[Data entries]
= = = = = = =

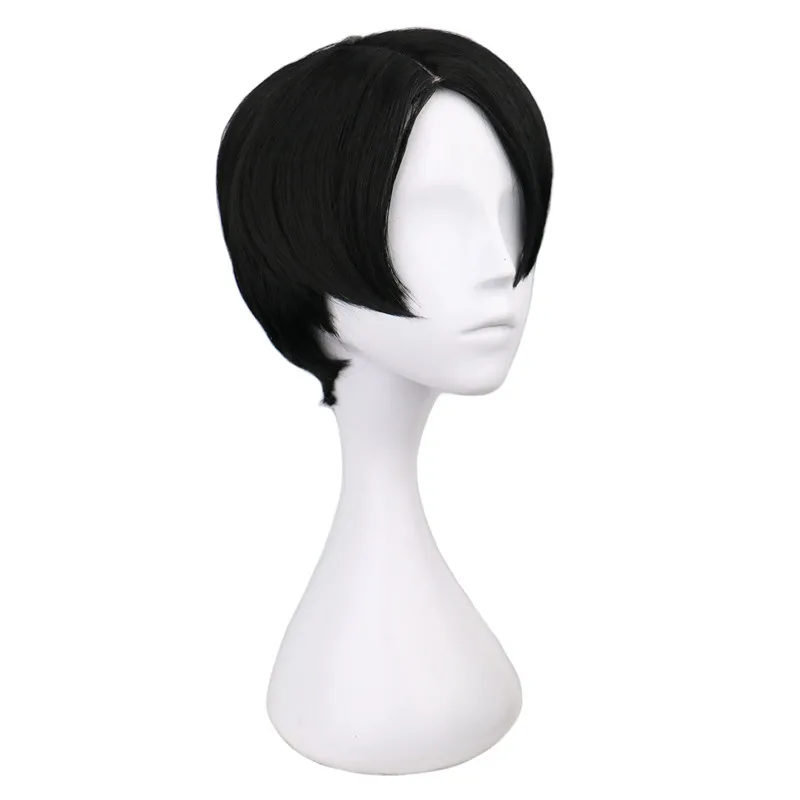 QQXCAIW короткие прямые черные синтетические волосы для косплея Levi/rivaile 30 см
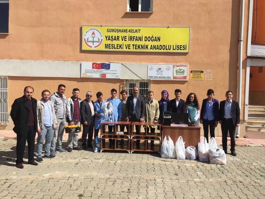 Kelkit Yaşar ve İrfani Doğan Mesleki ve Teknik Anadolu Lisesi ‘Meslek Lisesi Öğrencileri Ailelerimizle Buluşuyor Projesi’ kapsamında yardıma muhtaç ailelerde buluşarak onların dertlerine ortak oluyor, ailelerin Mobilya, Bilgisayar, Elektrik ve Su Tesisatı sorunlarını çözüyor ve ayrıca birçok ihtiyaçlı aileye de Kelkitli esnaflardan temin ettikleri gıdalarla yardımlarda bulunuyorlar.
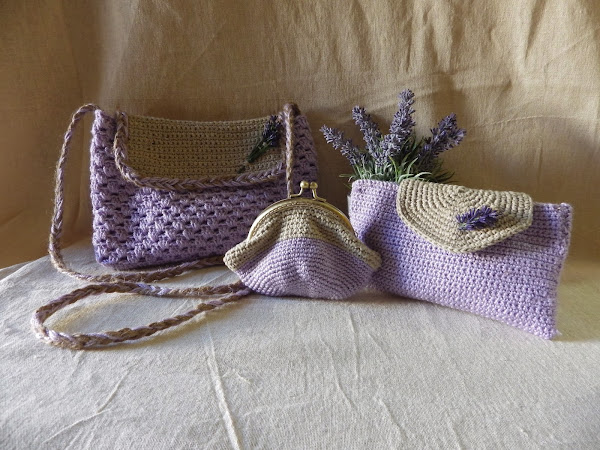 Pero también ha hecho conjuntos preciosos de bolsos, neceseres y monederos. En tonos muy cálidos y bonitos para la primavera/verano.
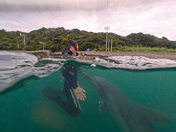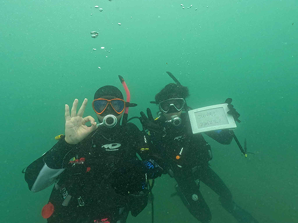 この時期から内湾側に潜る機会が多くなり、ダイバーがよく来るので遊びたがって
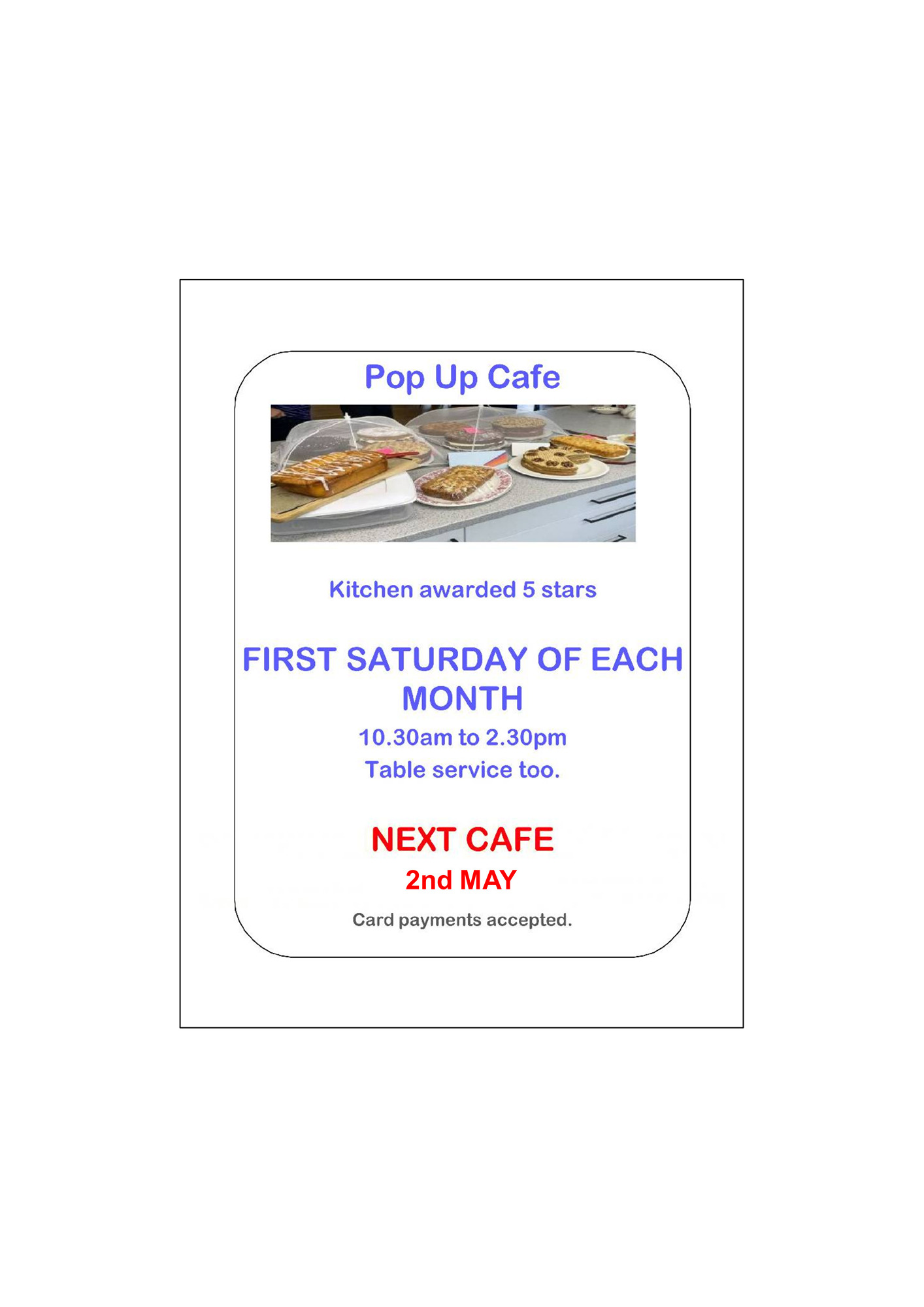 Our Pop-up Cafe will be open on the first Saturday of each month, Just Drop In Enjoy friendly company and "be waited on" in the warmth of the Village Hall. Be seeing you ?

= = = = = = =

Set down exactly and only the lines from the start of the entries above through the line containing "この時期から内湾側に潜る機会が多くなり、ダイバーがよく来るので遊びたがって", both ends included, omitting the pictures.

• REPLY
 QQXCAIW короткие прямые черные синтетические волосы для косплея Levi/rivaile 30 см
 Kelkit Yaşar ve İrfani Doğan Mesleki ve Teknik Anadolu Lisesi ‘Meslek Lisesi Öğrencileri Ailelerimizle Buluşuyor Projesi’ kapsamında yardıma muhtaç ailelerde buluşarak onların dertlerine ortak oluyor, ailelerin Mobilya, Bilgisayar, Elektrik ve Su Tesisatı sorunlarını çözüyor ve ayrıca birçok ihtiyaçlı aileye de Kelkitli esnaflardan temin ettikleri gıdalarla yardımlarda bulunuyorlar.
 Pero también ha hecho conjuntos preciosos de bolsos, neceseres y monederos. En tonos muy cálidos y bonitos para la primavera/verano.
 この時期から内湾側に潜る機会が多くなり、ダイバーがよく来るので遊びたがって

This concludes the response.